CASIA OpenIR  > 毕业生  > 博士学位论文
复杂环境下的图像目标检测与可视化
潘兴甲
Subtype博士
Thesis Advisor徐常胜
2020-12-04
Degree Grantor中国科学院大学
Place of Conferral中国科学院自动化研究所
Degree Name工学博士
Degree Discipline模式识别与智能系统
Keyword目标检测 动态修正 旋转卷积 密集排列 自监督 大尺度目标 图像可视化
Abstract

目标检测是计算机视觉领域内一个长期存在的基础性难题,其研究目的是确定某张给定图像中是否存在给定类别的目标实例;如果存在,就返回每个目标实例的空间位置和覆盖范围。图像可视化是指从图像数据集中挑选感兴趣图像并进行展示的技术,主要包含图像摘要与布局生成两个过程。该技术对于人们快速获取视觉大数据的重要信息具有重要作用。图像目标检测与可视化从感兴趣目标与感兴趣图像两个层面对视觉数据进行解析,对于人们理解、掌握视觉大数据具有重要意义。

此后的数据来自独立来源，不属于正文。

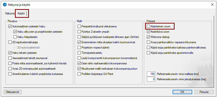 Jos olet sitä mieltä, että rullan liike zoomaa väärään suuntaan, niin voit vaihtaa suuntaa: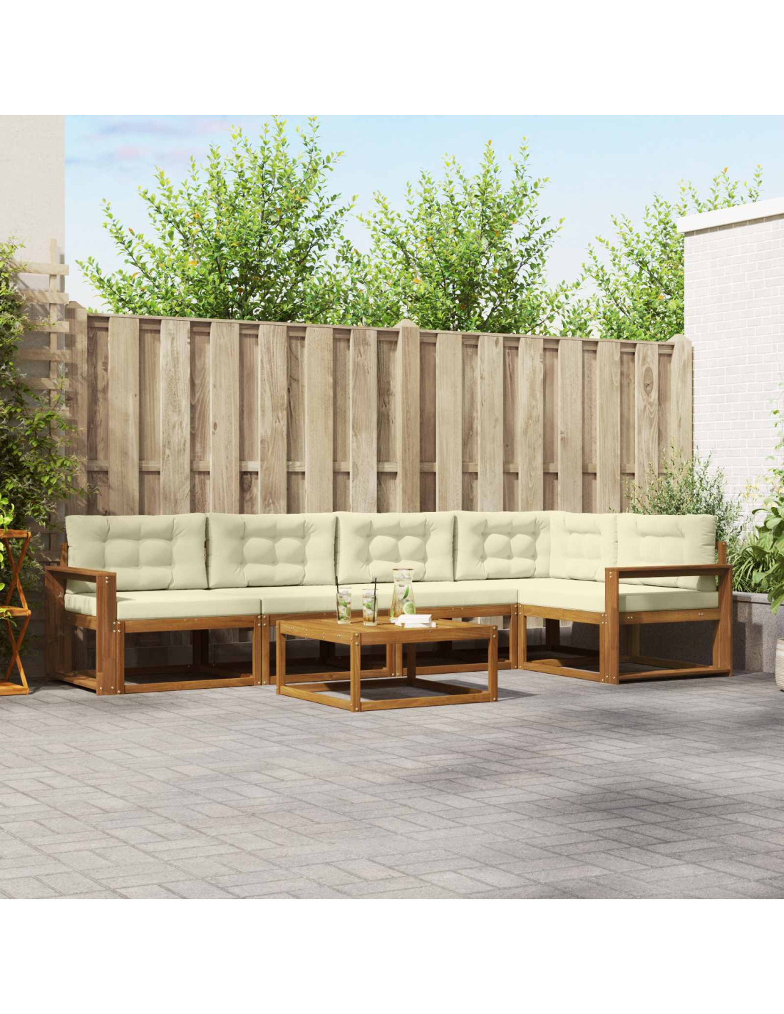 - Resistenza del materiale: Questo set di divani da esterno è fatto in legno massello di acacia, conosciuto per la sua robustezza e il suo aspetto classico. La finitura naturale di acacia offre bellezza duratura e una soluzione di seduta resistente, perfetta per vari ambienti esterni. Questa scelta di materiale dimostra l'impegno per la durata e la sostenibilità.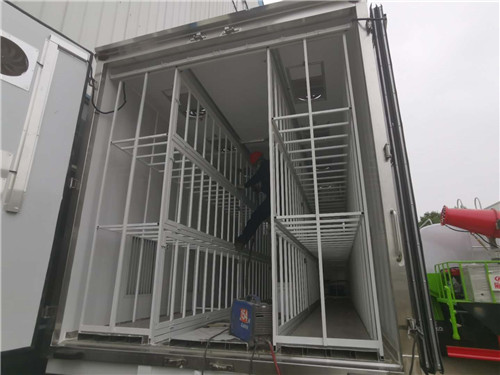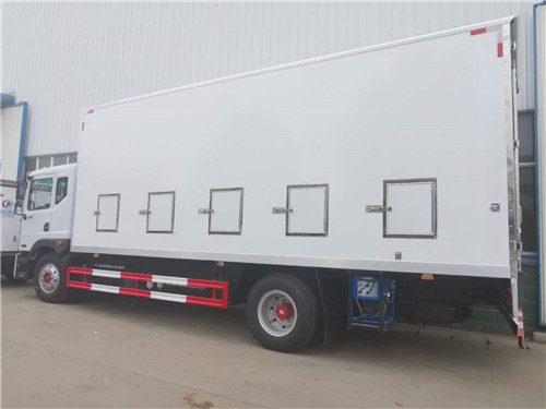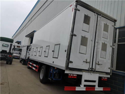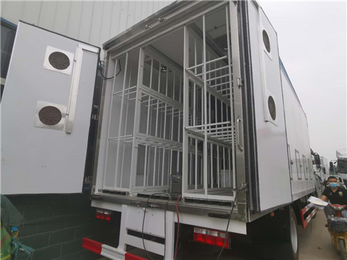 雞苗運輸車:屬于在冷藏車的基礎上衍生的一種車型,一般常用于運送雞苗、鴨苗、鵝苗等體積比較小的家禽、相比冷藏車更注重箱內的通風型,保證活體家禽有一個良好的運輸環境,廂體采用內外玻璃鋼板制作,中間8CM厚保溫板,鋁合金型材包邊,門框、門鎖件為不銹鋼,底板為鋁花紋板,廂體左右兩側各加裝多個百葉窗,廂體前板上方加裝2個百葉窗,后門上方加裝2個帶滑門帶電風扇的百葉窗,廂體頂板加裝帶風扇的天窗,廂體兩側各加裝一排可折疊貨架,廂體內兩側上方各加裝一排通風道,廂體底部加裝通風道,安裝冷機組和水溫加熱器,其余標配。下面就一些車型外形展示如下:

本文主要对复杂环境下的图像目标检测与可视化展开研究。
目前的图像目标检测与可视化技术主要存在问题有:(一),受限于显存技术,基于深度学习的目标检测方法的输入图像尺度只能限制在较小范围。当应用场景中图像尺度较大时,现有方法通常采取缩放或者裁减等操作,不可避免降低模型检测性能,同时增加了模型的计算复杂度;(二),真实应用场景中,图像中的目标通常带有一定的旋转角度,且外观变化多样,目前主流方法难以提取准确的目标特征,且无法根据样本的多样性进行动态调整,限制了模型的性能;(三),现有图像可视化技术仅利用手工或者单一场景图像特征,无法对图像进行完备描述,且在布局生成过程难以同时满足形状保持与内容相关等约束,导致图像可视化结果难以令人满意。针对以上问题,本文结合机器学习、计算机视觉等领域的最新进展/成果,提出针对复杂场景的高性能图像目标检测与可视化方法。

本文的主要研究工作与贡献如下:
    1. 提出一种基于自监督特征增强的大尺度图像目标检测方法。
    在基于 CNN 的目标检测器中,模型输入图像尺度极大的影响着性能好坏。在显存约束下,当场景中图像尺度极大时,无法保证模型输入达到最优的尺度,而对图像进行缩放或者裁减操作又不可避免的丢失信息或者降低效率。针对上述问题,本文提出一种基于自监督特征增强网络的大尺度图像目标检测方法,主要包含基于亚像素卷积的残差上采样模块与自监督特征增强模块。通过引入真实高分辨率信息以及低损的上采样过程,实现小尺度输入获取与大尺度输入相媲美的检测性能,同时提高了检测效率。该方法获得了 在ECCV2018 举办的 Mapillary Vistas Object Detection Challenge 比赛冠军,同时,其有效性在 Cityscape 和 MS COCO 数据集合上得到了有效验证。
    2.  提出一种基于自适应特征增强与动态修正的旋转目标检测方法。
    主流目标检测技术虽然在 Pascal VOC, MS COCO 等数据集取得了显著进步。但在某些应用场景中,如目标存在任意角度旋转或者排列紧密时,这些方法都表现较差。此外,目前大部分方法遵从静态的范式,即模型在测试阶段固定了训练过程中学习到的参数,对给定样本进行推断,使得模型不具备根据形态(视角、尺度)多变的样本进行自适应预测的能力。针对上述问题,本文提出了基于动态修正网络的目标检测方法,对密集排列及任意角度旋转的目标进行检测。首先,提出了基于旋转卷积的特征选择模块,通过对卷积核采样位置根据预测角度进行旋转获得角度不敏感的特征,同时设置不同形状的卷积核使得网络可以根据目标形状进行动态调整感受野,获得更加准确的特征表达。其次,分别针对检测器的分类与回归分支设计了动态调整模块,使得分类器与回归器得以捕捉样本敏感的信息,进而得到更加准确的目标分类与大小回归结果。该方法的有效性在 DOTA,HRSC2016 以及 SKU110K-R 等公开数据集合上得到了有效验证。
   3. 提出一种基于目标检测技术的内容可知的图像数据可视化方法。
    图像数据可视化包含图像摘要与布局生成两个过程,但现有大部分工作只专注其中一个方面。图像摘要生成方法大部分基于人为定义特征,导致无法完备地对目标、场景信息进行描述。布局生成的现有方法或者没有考虑图像的形状,或者不能完整保留图像的全部内容。考虑到现有方法的不足,本文提出了一种基于目标内容的自动生成图像视觉摘要可视化的方法。首先提出一种基于潜在主题的图像摘要生成方法,综合考虑图像内容的多样性,简洁性以及美学性。同时, 提出一种基于树的布局生成方法。通过两阶段的树结构构造以及两阶段的树结构优化方法显著提高了布局性能,促进了图像数据可视化技术的发展。

Other Abstract

Object detection is a long-standing basic problem in the field of computer vision. Its goal is to determine whether there are object instances of a given category in a given image; if so, return the spatial location and bounding box of each instance.  Image visualization refers to the technology of selecting and displaying images of interest from an image data set, which mainly includes two processes of image summarization and layout generation. This technology plays an important role for people to quickly capture important information of visual big data. Image object detection and visualization technology analyzes visual data from both objects and images of interest, which is of great significance for people to access and understand visual big data.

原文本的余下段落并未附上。